I reckon my parents got the car when they did for a collection of sturdy reasons: the Dart was ageing, this great new model and its big ads had come along, and dad still had solid income for having not yet left the abusive Philadelphia law firm where he worked. By and by he got hired by a firm in Denver, and my folks found a house, so all that was left was to move there. In the Spring of 1980, my folks packed me (newly four) and my sister (seven) and themselves into the Caprice and we headed West.
We left the house in Wyncote for the final time last thing at night, proceeding only as far as a motel somewhere near the Interstate. Sister and I were hungry, and what was available at that hour was french fries in a styrofoam box shaped like a seashell—a mealy meal that foretold most of the rest of them on that trip. Breakfasts were at the motel—often a Howard Johnson’s, so not only little hold-in-the-hand boxes of cereal but also eggs and pancakes and (questionable) orange juice. But we ate many lunches and dinners at McDonalds; whaddya gonna do on a road trip with a coupla whingey little kids?

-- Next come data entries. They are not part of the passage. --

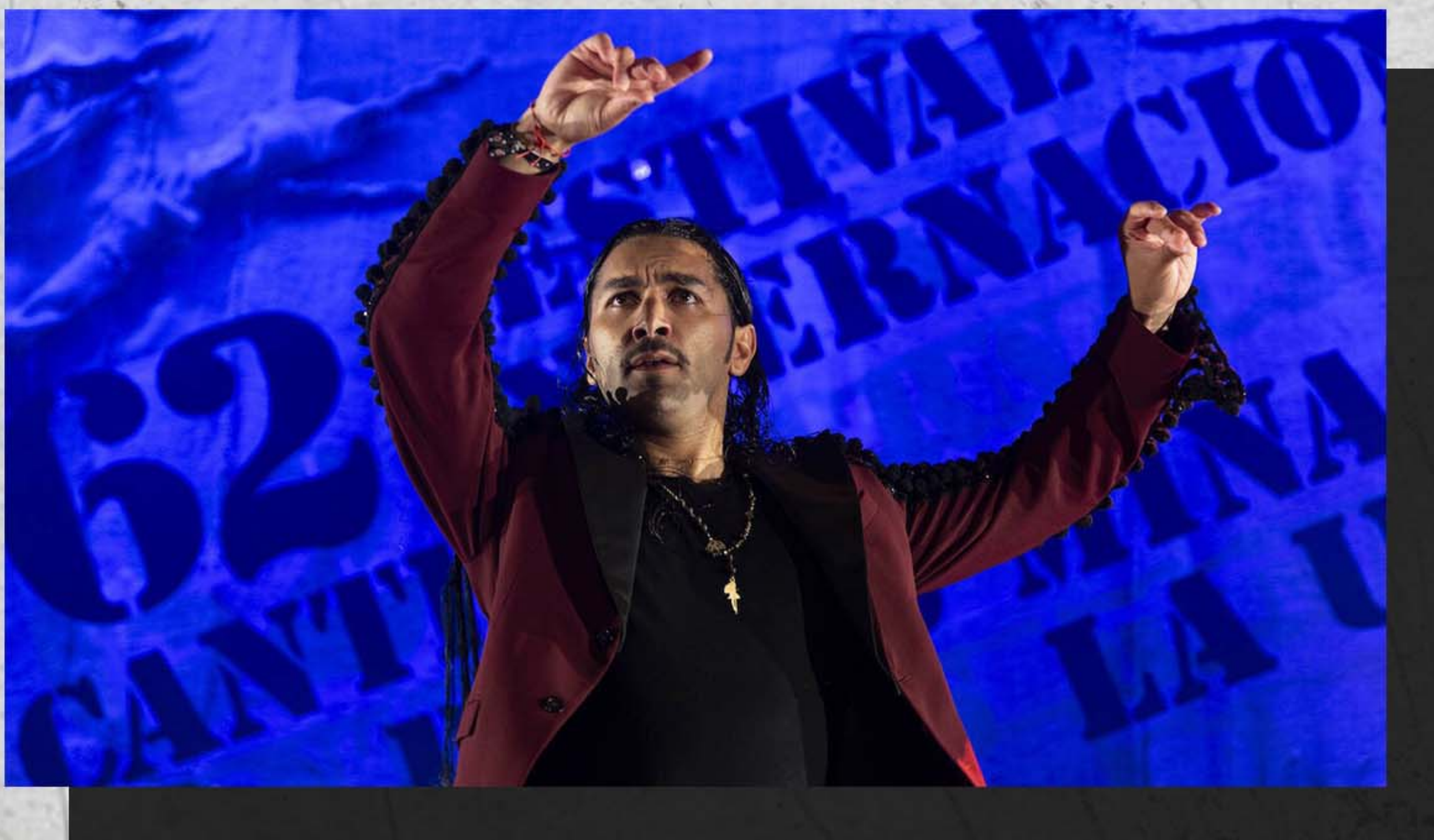
Festival del Cante de las Minas 2023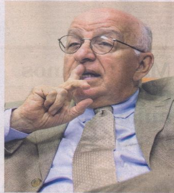
Arguedas: 'Se impondrá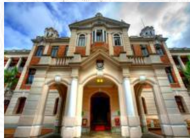
香港大學站 HKU Station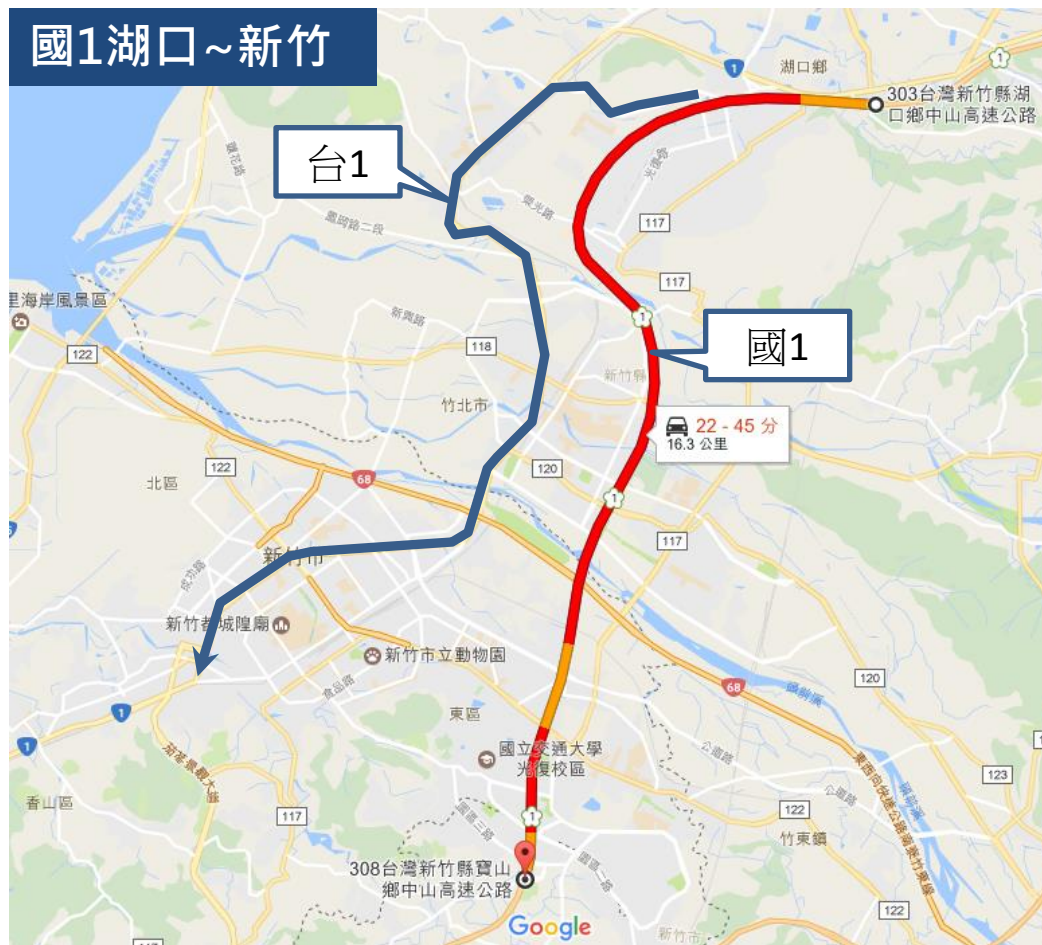
圖1 國1湖口至新竹南下國道與省道旅行時間

Back then people still believed in the fairytale of the –
swimming pool non-peeing section– restaurant non-smoking section, and sister and I dipped the ends of our french fries—the real ones, at that time—in ketchup to provide a red end as we “smoked” them. Monkey see, monkey do.
But seriously, though: whaddya gonna do on most-of-a-week’s 1,800-mile road trip with a coupla whingey little kids? My parents’ solution was a small Panasonic cassette player which they’d use in the front seat in the morning for boring tapes of grownups talking, and if sister and I behaved ourselves we got to use it in the afternoon.
What did little kids listen to in 1980? The Smurfs, maybe; I’m sure it was tiresome. Still, my folks kept their word, and most afternoons we got to use the tape player. They also surprised us with a Simon, which was a hot new item at the time:
When we weren’t listening to tapes or playing Simon, we were serenaded by the car’s rolling noise; tires of the late ’70s were quite a lot noisier than today’s. We also went up the Gateway Arch in St. Louis, since it was on the way; I remember the weird lift more than anything.
Mechanically, the trip was uneventful; the car did fine. The scenery scrolled past at a slow pace, especially during the long stretches when there wasn’t much of it; both parents were conservative drivers, and I’m sure they kept to the 55-mph speed limit (as evidenced by the Pinto wagon you’re about to see undertaking the Caprice). Eventually we reached the sign of the promised land, where some stranger took hold of the movie camera for a few moments, and most of a day later we pulled in at the new house. Neighbour kids quickly assembled to check out us new arrivals:
We settled in. The car got a new rear licence plate and its first front one—mother took me with her to the DMV, and just after the clerk handed over two green-and-white RN-2328 plates I learnt the difference between the words “lessons” and “licence”. There was also a trip to Mike Flannery Chevrolet for the car to be adjusted for Denver’s altitude. And another, and another after that; Flannery’s service department was not very competent, as it seems. In checking for this story whether they’re still around—they’re not—I find they were in legal trouble at the time, on probation for false and misleading advertising, deceptive marketing practices, and other I-am-shocked behaviour.